Set Information

Competing Worldviews in Kamigawa: Neon Dynasty

After years of waiting, Magic has finally gone back to the Japan-inspired setting that had become a cult classic since the original visit in 2005. But Kamigawa: Neon Dynasty has a further twist up its kimono sleeve. More than 1200 years have passed since the events of the Kami War depicted in the original Kamigawa block. Ninjas and Samurai still exist, but the plane's technology is now definitely futuristic, beyond anything that was ever portrayed on official Magic cards before, making Kamigawa: Neon Dynasty the game's first science fiction set, specifically using cyberpunk aesthetic.

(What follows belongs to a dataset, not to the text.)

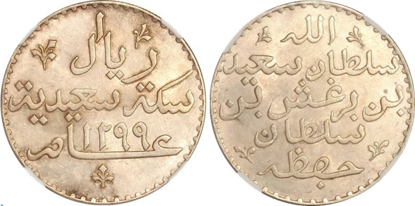 1882 (AH 1299/AD 1882). Tanzania, Colonial. Zanzibar. KM-4, DAV-89. Sultan Sayyid Barghash bin Said al-Busaid (1870-1888) Riyal. AR Riyal (37mm, 27.11 g, 6h). Mintage: 60,000. Obv: Legend in five lines containing name and title; floral sprigs around. Rev: Legend in three lines containing denomination and AH date; floral sprigs around. An impressive coin with light overcast sky coloration and loads of underlying luster. A one year type, Barghash Ibn Sa'id Riyal is the only crown-sized issue of Zanzibar, and one of the world's most popular Crowns. NGC MS-63.

Produced by a team led by head designer Mark Rosewater himself, this sought-after return to Kamigawa appropriately focuses on the conflict between tradition and modernity. The 302 cards in the set belong to one of these two philosophies, either describing the marvels of the new mechanized world or the surviving culture of the past. They feature illustrations by famous manga artists, including Tetsuo Hara of Fist of the North Star fame. A showcase treatment is reserved to Ninjas and Samurai specifically, while 10 full-art basic lands have artwork inspired to the classic Japanese ukiyo-e style, popularized in the West by the iconic Hokusai's painting The Great Wave off Kanagawa.

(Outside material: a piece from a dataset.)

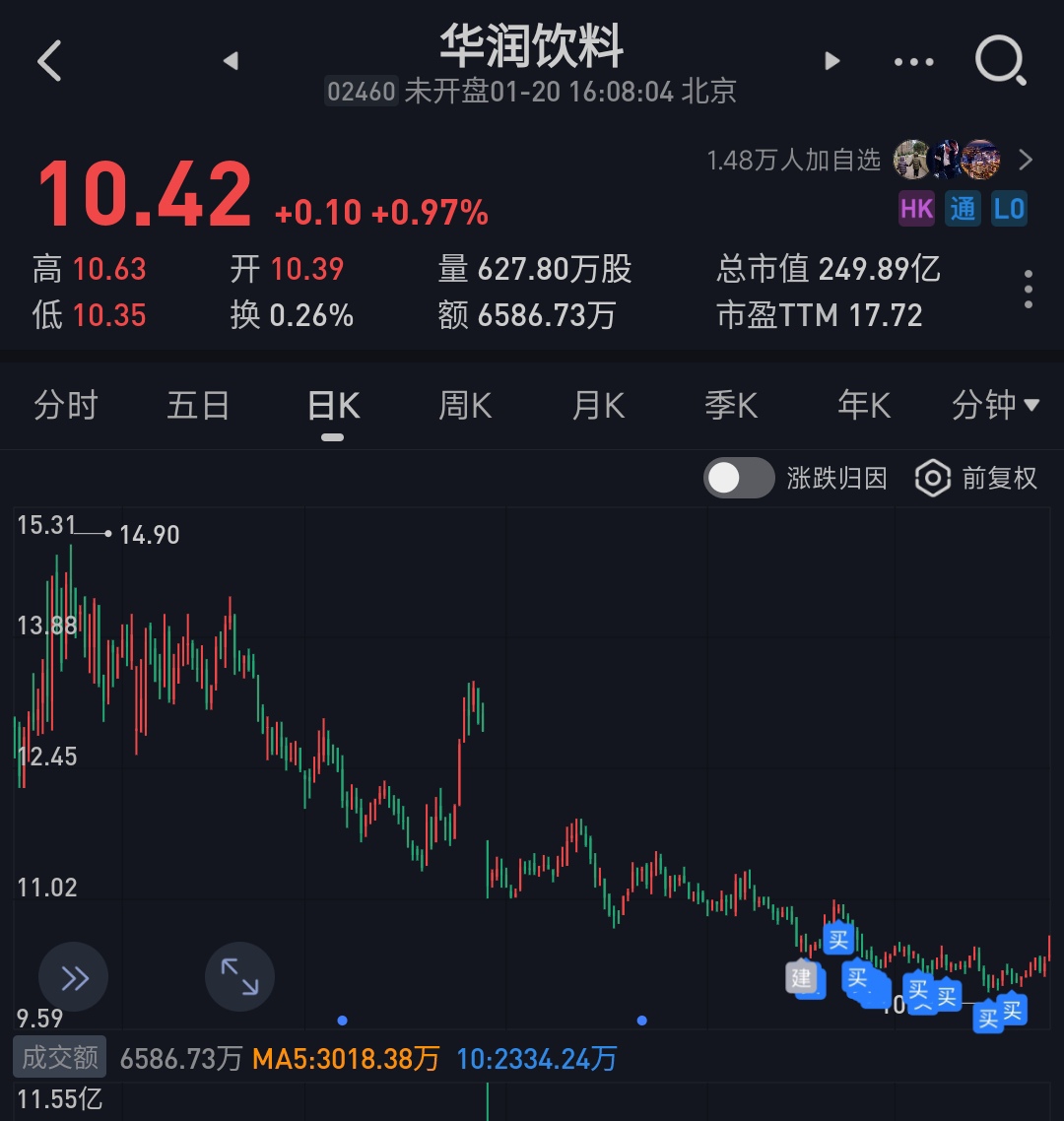 $华润饮料(HK|02460)$ 今天要庆祝一下吧,我先提前谢谢大家

Kamigawa: Neon Dynasty plays on the contrast between what remains from the plane's past and what defines the new technological era. The colors of mana take a clear position in this conflict, with blue being the one more skewed towards modernity and green caring the most about tradition. Red stands close to blue, while white is only second to green in its reliance to the forms of the past. Black is placed exactly at the center of this dichotomy, benefiting from both undercurrents.

Remnants of the Past

On the past side, the set features a large number of returning mechanics and concepts. These don't just derive from previous Kamigawa sets, which still see the comeback of the channel ability word, this time also applied to lands, like the newly green-aligned Boseiju. Another established Kamigawa mechanic we see again is the Ninjas' defining keyword ninjutsu. A legendary sub-theme is also present, but the main weapons of the traditionalist faction, which represent the old empire and the spirit world, are the enchantments. Auras and enchantment creatures are in direct opposition with the futurists using Equipment and artifacts. Sagas in particular return with a twist: they're now double-faced cards involving the transform mechanic on their third chapter, in order to become enchantment creatures. This is, for instance, how the story of Boseiju is narrated.

Stalwarts of the Future

In recent centuries, the inventions of Kamigawa's Goblin artisans (the "akki") and the experiments of a Soratami group of researchers called "Saiba Futurists" led to incredible technological advancements. By exploring the nature of the spirit world, the Futurists found a way to separate the traditional magic from its original kami source. At the same time, techno-magical bio-enhancements were developed, which resulted in the use of the batching term "modified", meaning a creature that has Equipment attached and/or is enchanted by a beneficial Aura and/or has any kind of counter on it. Cards from the futurist faction may care about modified creatures. A special new form of Equipment is first cast as an artifact creature but can attach itself to another creature by using the keyword reconfigure. An example of this is the powerful Reality Chip.

Heroes and Villains

The Reality Chip is what gave the mysterious planeswalker called The Wanderer a respite from her constant, random planeswalking. Now able to remain on what's revealed to be her native plane, she became the new Emperor of Kamigawa. At the same time, the Soratami Tamiyo was captured and experimented on by an unexpected foe: the Phyrexians! Thanks to the unholy studies of the blue Praetor Jin-Gitaxias in collaboration with the futurist Tameshi and the always ruthless techno-mage Tezzeret, the process of compleation was successfully used on a planeswalker – making Tamiyo, Compleated Sage the first planeswalker card to feature Phyrexian mana in its cost.

Rounding off the number of protagonists of the set, Kaito Shizuki is a young cyber-Ninja planeswalker who was at one time best friend with Tameshi, before discovering the latter's alliance with the Phyrexians.